Commissioner of Internal Revenue v. Goodyear Philippines
REITERATIONFacts
The Antecedents: Respondent Goodyear Philippines, Inc. (Goodyear PH) is a domestic corporation. Its authorized capital stock was increased, with preferred shares solely subscribed by Goodyear Tire and Rubber Company (GTRC), a foreign company. Goodyear PH authorized the redemption of GTRC's preferred shares at a redemption price comprising the aggregate par value and accrued unpaid dividends. Procedural History: Goodyear PH filed an application for relief from double taxation with the BIR, seeking confirmation that the redemption was not subject to Philippine income tax under the RP-US Tax Treaty. Despite this, Goodyear PH withheld and remitted 15% Final Withholding Tax (FWT) on the difference between the redemption price and the aggregate par value. Subsequently, Goodyear PH filed an administrative claim for refund with the BIR and, thirteen days later, a judicial claim with the Court of Tax Appeals (CTA). The CTA Division granted the refund, ruling that the redemption was not subject to Philippine income tax and the amount paid was not considered dividends subject to FWT. The CTA En Banc affirmed this ruling. The Commissioner of Internal Revenue (CIR) elevated the case to the Supreme Court.
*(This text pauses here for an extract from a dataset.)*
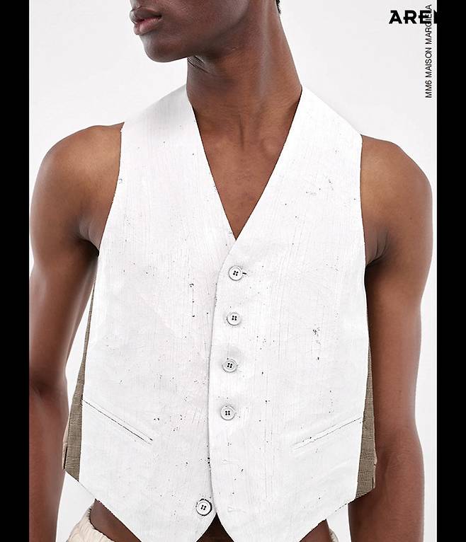 2. 가죽 베스트. MM6 메종 마르지엘라의 화이트 베스트는 여름에도 입기 좋다.
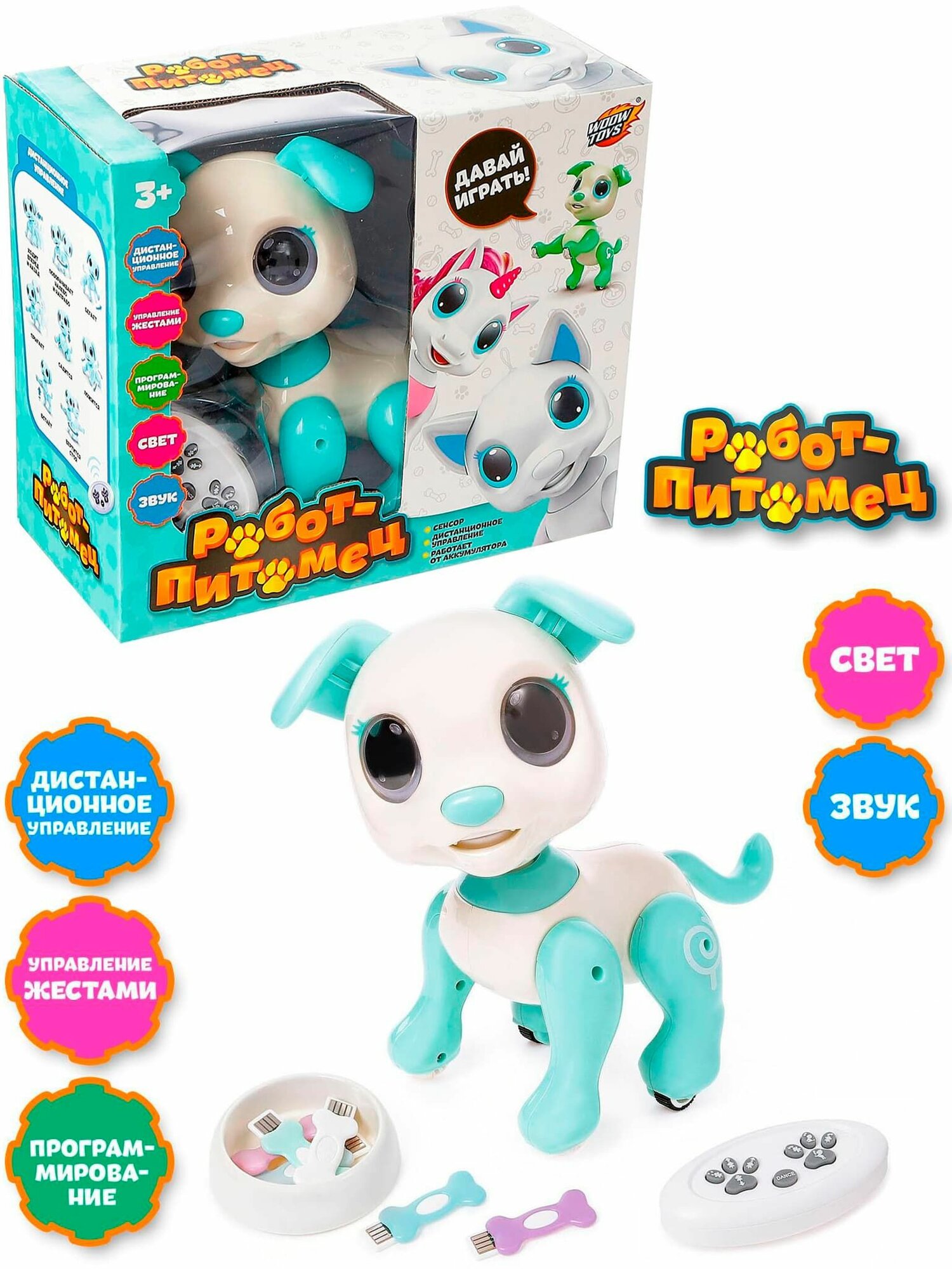 | Комплектация | робот, пульт ДУ, 6 электронных "косточек", usb-провод для зарядки, миска для косточек |

The Petition: The CIR assailed the CTA En Banc's decision, arguing that Goodyear PH failed to exhaust administrative remedies by filing the judicial claim prematurely and that the gain derived by GTRC was subject to 15% FWT on dividends.
Issue(s)
Whether the judicial claim for refund should be dismissed for non-exhaustion of administrative remedies. Whether the gain derived by GTRC from the redemption of its preferred shares is subject to 15% Final Withholding Tax (FWT) on dividends.
Ruling
The petition is denied. The Decision dated August 14, 2014 and the Resolution dated January 5, 2015 of the Court of Tax Appeals En Banc in C.T.A. EB No. 1041 are affirmed.
Ratio Decidendi
On the issue of exhaustion of administrative remedies: The Court held that the respondent correctly and timely sought judicial redress. Section 229 of the Tax Code requires that an administrative claim for refund be filed before a judicial claim can be maintained. However, it does not mandate that the taxpayer must await the final resolution of the administrative claim. The purpose of the administrative claim is to serve as a notice of warning to the Commissioner that court action will follow. To await the CIR's action could lead to the forfeiture of the taxpayer's right to seek judicial recourse if the two-year prescriptive period expires. In this case, both claims were filed within the two-year period, and the respondent filed the judicial claim to avoid losing its right to appeal as the prescriptive period was nearing its end. Therefore, the filing of the judicial claim thirteen days after the administrative claim did not violate the principle of exhaustion of administrative remedies. On the issue of the taxability of the redemption gain: The Court affirmed the CTA's ruling that the net capital gain derived by GTRC from the redemption of its preferred shares was not subject to Philippine income tax. While Section 28(B)(5)(c) of the Tax Code generally subjects capital gains of non-resident foreign corporations to tax, Article 14 of the RP-US Tax Treaty exempts gains from the alienation of property by a US resident, such as GTRC, from Philippine tax, unless the domestic corporation's assets principally consist of real property. The evidence showed that Goodyear PH's real property assets were less than 50% of its total assets, thus falling outside the exception. Furthermore, the Court held that the portion of the redemption price representing ₱97,732,314.00, which petitioner claimed as accumulated dividends in arrears, was not subject to the 15% FWT on dividends under Section 28(B)(5)(b) of the Tax Code. This is because, under Section 73(A) of the Tax Code and Section 43 of the Corporation Code, dividends can only be declared out of unrestricted retained earnings. The records showed that Goodyear PH had no unrestricted retained earnings during the relevant period and operated at a deficit. Therefore, the payment for the redemption of shares could not be considered dividends in arrears.
Main Doctrine
The redemption of preferred shares by a domestic corporation from a non-resident foreign corporation, where the assets of the domestic corporation do not principally consist of real property, is not subject to Philippine income tax. Furthermore, the portion of the redemption price representing accrued dividends is not subject to final withholding tax on dividends if there are no unrestricted retained earnings from which to declare such dividends.